* _What to work on_
Beginning at the line that contains "These Sorel winter", reproduce the entries below exactly, ending with the line that contains "Blades Wide Handle". Omit each picture.

* _The input_
···

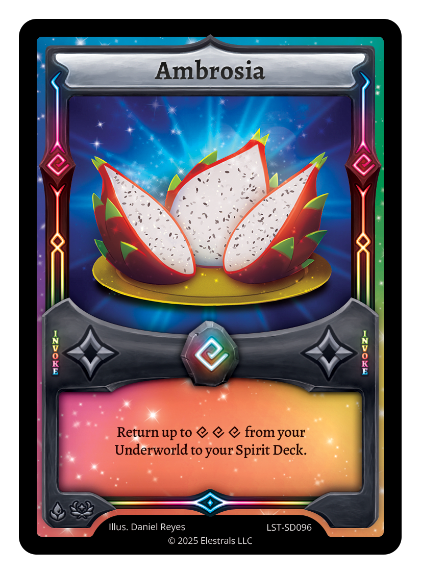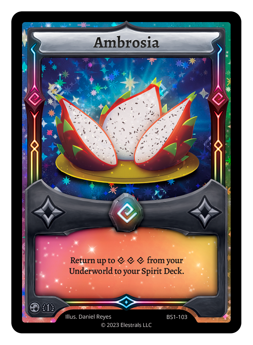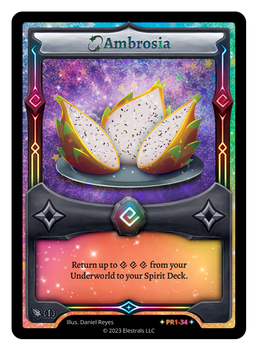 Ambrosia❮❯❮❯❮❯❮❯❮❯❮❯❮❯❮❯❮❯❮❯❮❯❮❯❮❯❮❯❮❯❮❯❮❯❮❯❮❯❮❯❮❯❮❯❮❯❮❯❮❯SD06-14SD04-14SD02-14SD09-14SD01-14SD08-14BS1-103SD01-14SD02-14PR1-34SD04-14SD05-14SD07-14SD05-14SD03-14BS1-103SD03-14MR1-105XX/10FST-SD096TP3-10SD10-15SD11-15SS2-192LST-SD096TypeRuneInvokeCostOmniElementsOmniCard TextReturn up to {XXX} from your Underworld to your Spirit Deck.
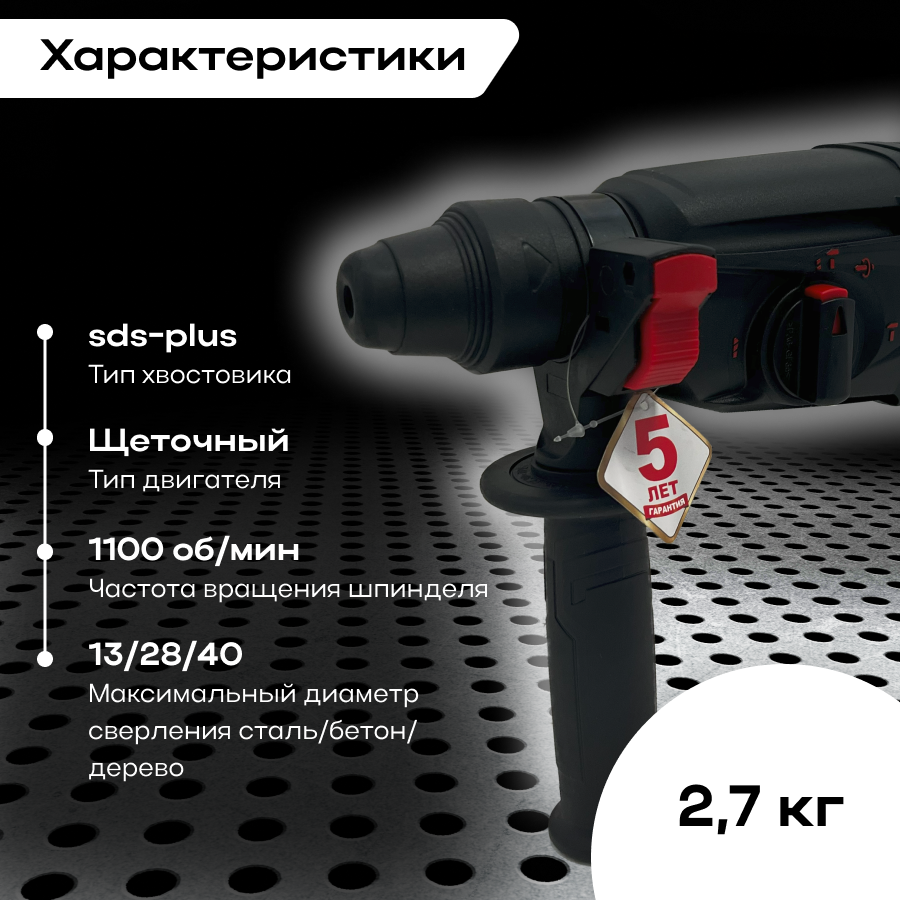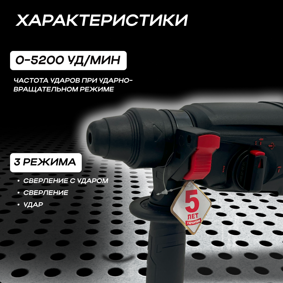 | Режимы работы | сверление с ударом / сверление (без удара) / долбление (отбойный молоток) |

···

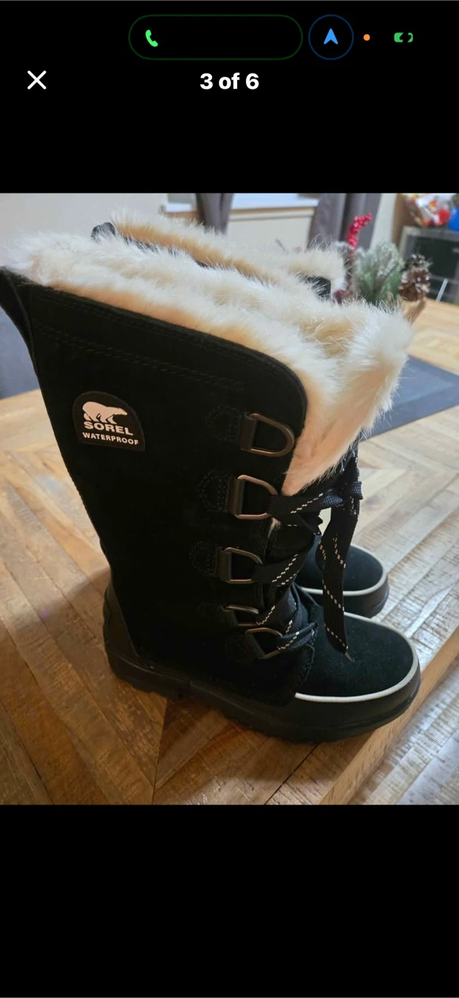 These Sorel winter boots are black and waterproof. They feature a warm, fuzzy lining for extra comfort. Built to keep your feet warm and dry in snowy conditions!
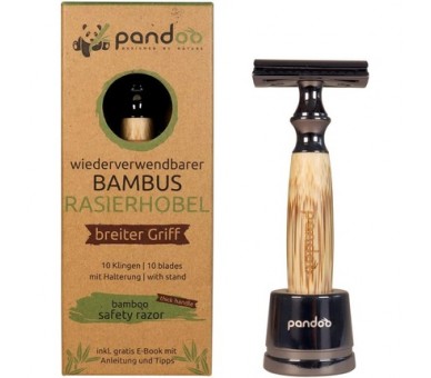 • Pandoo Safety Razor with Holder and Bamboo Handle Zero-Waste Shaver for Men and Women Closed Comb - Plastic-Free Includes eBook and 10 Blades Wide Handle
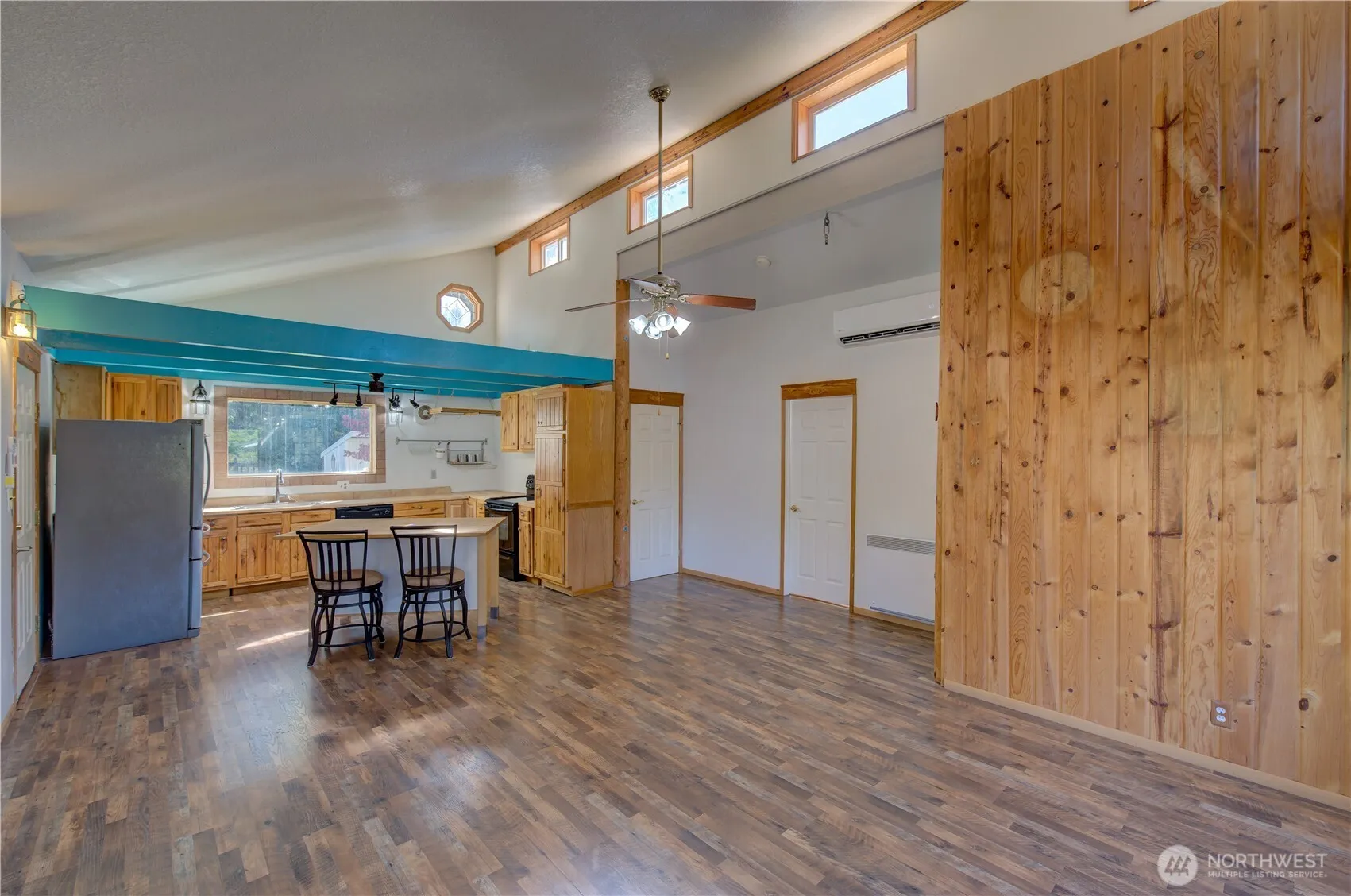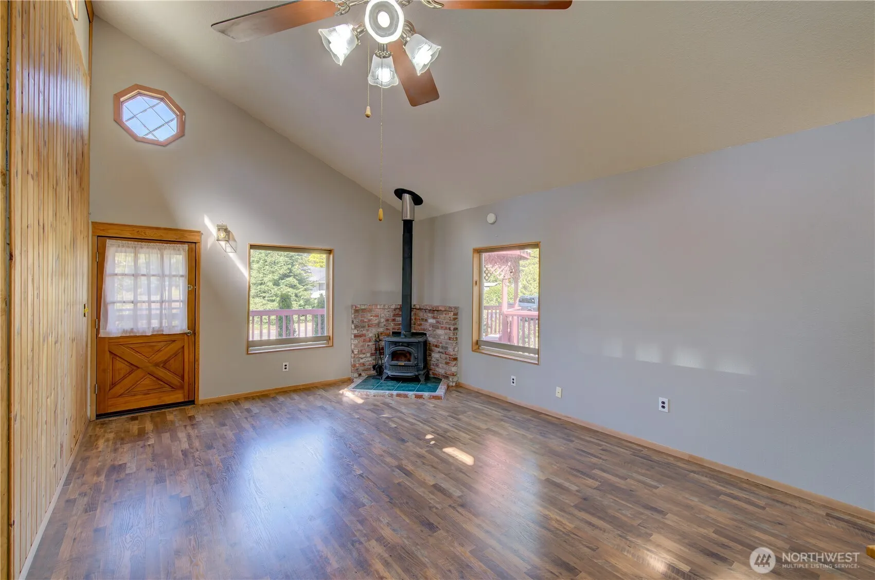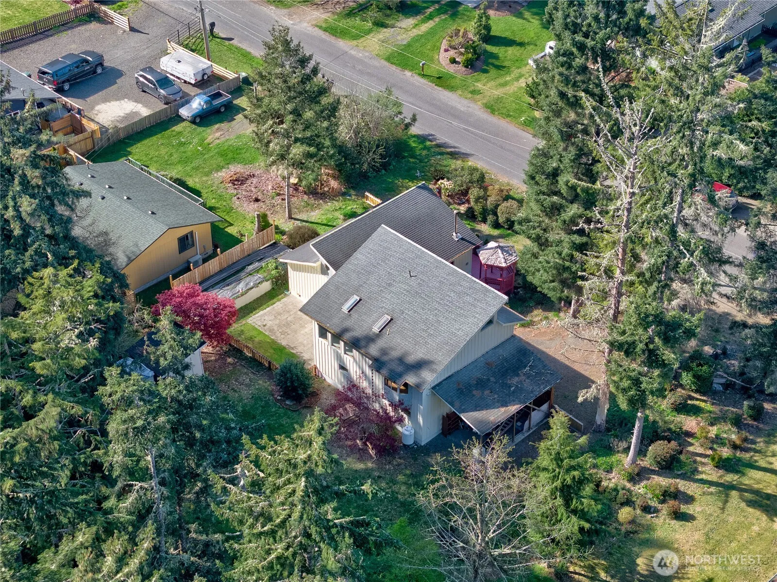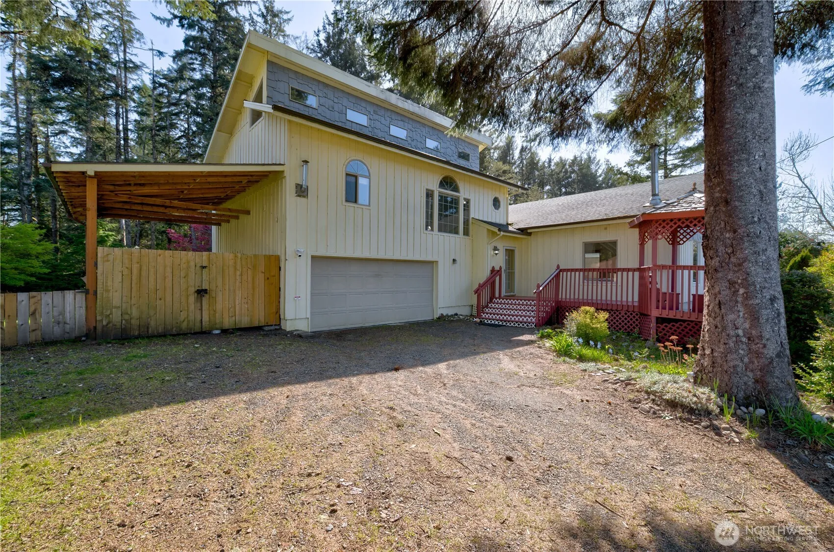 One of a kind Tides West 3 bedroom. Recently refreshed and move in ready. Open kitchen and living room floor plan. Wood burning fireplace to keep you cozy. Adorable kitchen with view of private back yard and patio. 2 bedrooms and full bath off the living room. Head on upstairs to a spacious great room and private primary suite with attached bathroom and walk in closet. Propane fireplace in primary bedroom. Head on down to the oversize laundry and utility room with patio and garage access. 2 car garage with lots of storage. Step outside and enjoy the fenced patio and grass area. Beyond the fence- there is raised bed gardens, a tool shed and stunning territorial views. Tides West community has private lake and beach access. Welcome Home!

···

* _Solved problem_
 These Sorel winter boots are black and waterproof. They feature a warm, fuzzy lining for extra comfort. Built to keep your feet warm and dry in snowy conditions!
 • Pandoo Safety Razor with Holder and Bamboo Handle Zero-Waste Shaver for Men and Women Closed Comb - Plastic-Free Includes eBook and 10 Blades Wide Handle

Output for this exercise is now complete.